Living in the real world getting this below 20% is exceptionally good, and below 25% is still very good. 44%, however, tells them that they need to look at this carefully to see how they can streamline tasks.

– What happened on Thursday when 75% of their day was consumed by these activities? Did they need to spend almost 50% of the day working on emails?
– Is there some way to minimise the time spent on ‘Other Admin’?
– Was there a way for them to have left the budget meeting sooner? For further tips on ensuring that the meetings that you attend run promptly and effectively see this article on improving meetings.

Obviously, the possible solutions are endless but until you see how you spend your time clearly in black and white you don’t know where you need to focus.

NOTES:

1. Categorisation:

This is all in context. In this example, I’ve put the ‘Marketing Meeting’ in the no value category as it wasn’t a meeting that they needed to attend or could particularly contribute to.

Contrast that with the budget meeting which they did have to attend as part of their role in the sales team. They didn’t lead or contribute substantially as a junior member so it is an orange task.

The category a task goes into has to be looked at in the context of the individual’s role. The marketing meeting would be a high-value activity for members of the marketing team.

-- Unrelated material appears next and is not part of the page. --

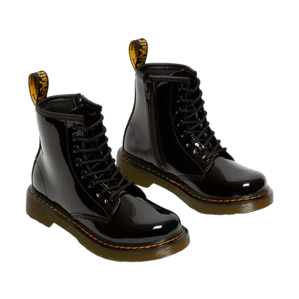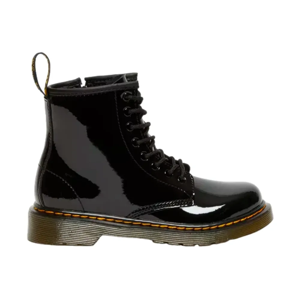 De 1460 Junior Veterlaarsjes van Dr. Martens zijn gemaakt voor groeiende voeten en bieden een strakke glans met hun Patent Lamper-leer. Deze laarzen bieden zowel stijl als comfort, waardoor ze een perfecte keuze zijn voor dagelijks gebruik. Belangrijkste kenmerken: Zwart | Patent Lamper-leer | Flexibele zool | Gesealde zool | Gele stiksels | Gele en zwarte hiellus | Afmetingen en pasvorm: Normale pasvorm |

Similarly ‘Monthly Expenses’ and ‘Travel Planning‘ are in the no value category as this is something that the team has an assistant to deal with and book for them.

2. Why You’ll Be More Efficient During the Audit

If you’re honest when recording your time the time when you ‘lose focus’ is going to drastically diminish.

We’ve all needed to look something up on the web for work and thought oh I’ll just check Facebook while I’m here, to find ourselves looking at something completely different 15 minutes later.

The act of having to record your time will make you conscious of how you spend it. You’re not going to want to admit that the ‘checking supplier details on the web’ task that should have taken 5 minutes either:

– Actually took 25 minutes
– Took 5 minutes but then add another line saying “9.28 – 9.48 – Facebook”

Being forced to be mindful of how you spend your day will more than make up for the time that you spend recording how you spend your time.

You will also probably find that your energy levels rise as well. Knowing that you are focusing on and progressing your key targets is a great form of motivation.